We will explain our experiment and provide all the details (in case you want to reproduce it) and summarize our analysis. If you just want to learn about the results, jump directly to the section Benchmark results: Conclusions and observations.
Why is it important to have fast UI test automation?
As part of your test strategy, you might automate test cases in order to have a set of checks that can provide feedback about the possible impact on the system of your most recent changes in the codebase. The typical scenario is that you just finished a change you were working on and want to check if that could damage other pieces of the system. You run your tests while you refresh your mind, maybe taking a short walk around your home, having a coffee, or a chit-chat with teammates. You want to have your sanity check results in a few minutes, especially in your CI/CD pipelines. If the feedback loop is too long you move on to something else and change context. Getting back to what you were doing gets more expensive, demanding more time and effort.

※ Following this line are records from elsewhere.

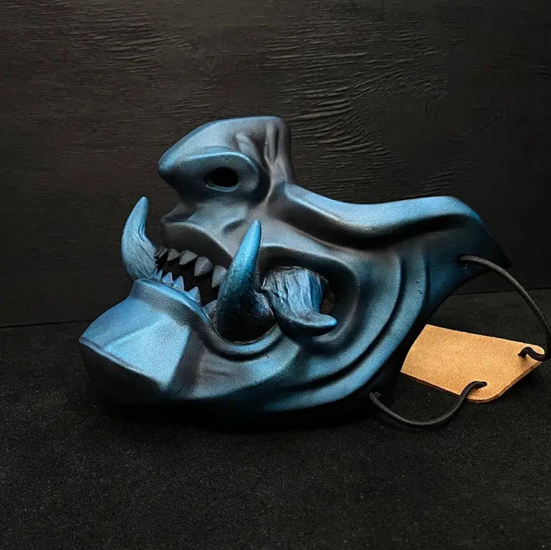 Crafted from high-quality PUR resin, this mask is lightweight and comfortable for extended wear. The genuine leather elastic band ensures a secure fit for all sizes. Its intricate design, complete with sharp teeth and horns, makes it a striking accessory. Add this unique piece to your collection today!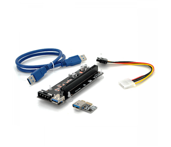 Riser PCI-EX, x1-x16, 4-pin MOLEX, SATA-4Pin, USB 3.0 AM-AM 0,6 м (синій) , конденсатори CS 220 16V, Пакет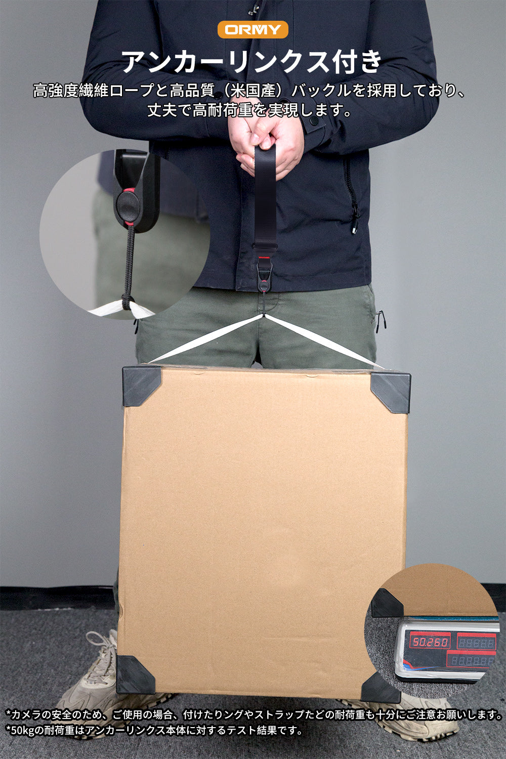 ・高人気の耐荷重強化アンカーリンクス付き、高強度繊維ロープと高品質ABS(米国産PA66)バックルを採用する上、特殊加工を実施し、実証より1個で50KG以上の耐荷重性を実現できます。2個を付ける場合、まさに100KG以上の耐荷重を実現できます。*50KG以上の耐荷重はアンカーリンクス本体に対するテスト結果です。カメラの安全のため、ご使用の場合、付けたリングやストラップなどの耐荷重も十分にご注意ください。 |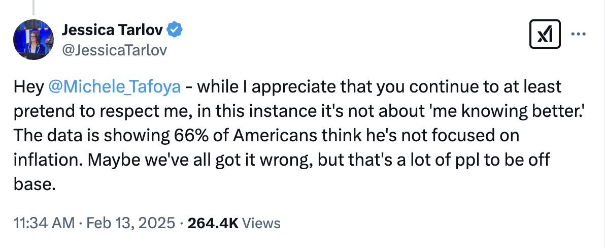 “Hey Michele, while I appreciate that you continue to at least pretend to respect me, in this instance it’s not about ‘me knowing better.’ The data is showing 66% of Americans think he’s not focused on inflation. Maybe we’ve all got it wrong, but that’s a lot of ppl to be off base,” she replied.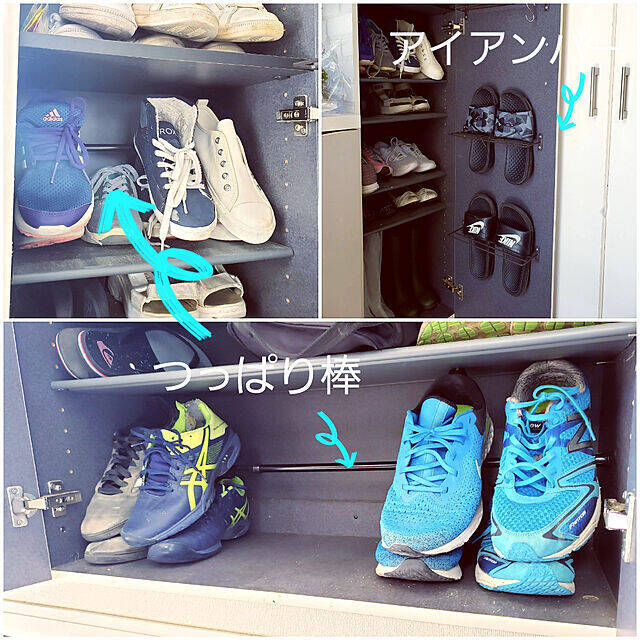 100均のつっぱり棒とアイアンバーを活用している、こちらのユーザーさん。つっぱり棒によって収納力が上がっただけでなく、靴が見やすくなっているので、迷わずスムーズに取り出せます。玄関に散乱させがちなサンダルも、指定の収納場所を作ることで、自然と片付ける習慣が身に付きますね!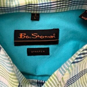 Ben Sherman Vintage Y2K Men's Stretch Blue & Green Plaid Button Down Shirt Large. This stylish vintage men's plaid shirt features a blend of blue and green colors. Super comfortable because it has stretch! Perfect for casual and formal occasions. Approximate measurements: chest from armpit to armpit 21.5” (43” total), length 29”. In great condition!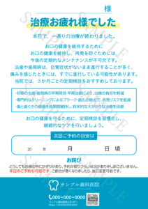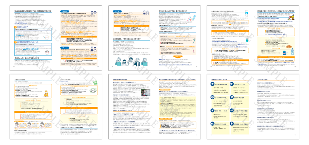 | 予防歯科・定期検診 | リコール率UP/継続率アップ | ・定期健診案内チラシ ・メンテナンスの大切さチラシ | 患者教育ツールとして効果大。スタッフの説明時間も短縮可能 |

So, let’s say you define your sanity checks to last no more than 5 minutes. The faster the automation tool can run the tests and provide the results, the better because you will be able to add more test cases to your sanity check suite under the same time limit and increase the coverage in your application.
It’s also important to mention that for sanity checks, you will probably want to run your unit tests, your API tests, and some UI tests to have an end-to-end view of the most critical flows of your application. Take into consideration that what typically happens is that you can run thousands of unit tests in seconds, hundreds of API tests in a minute and a few UI tests could take several minutes.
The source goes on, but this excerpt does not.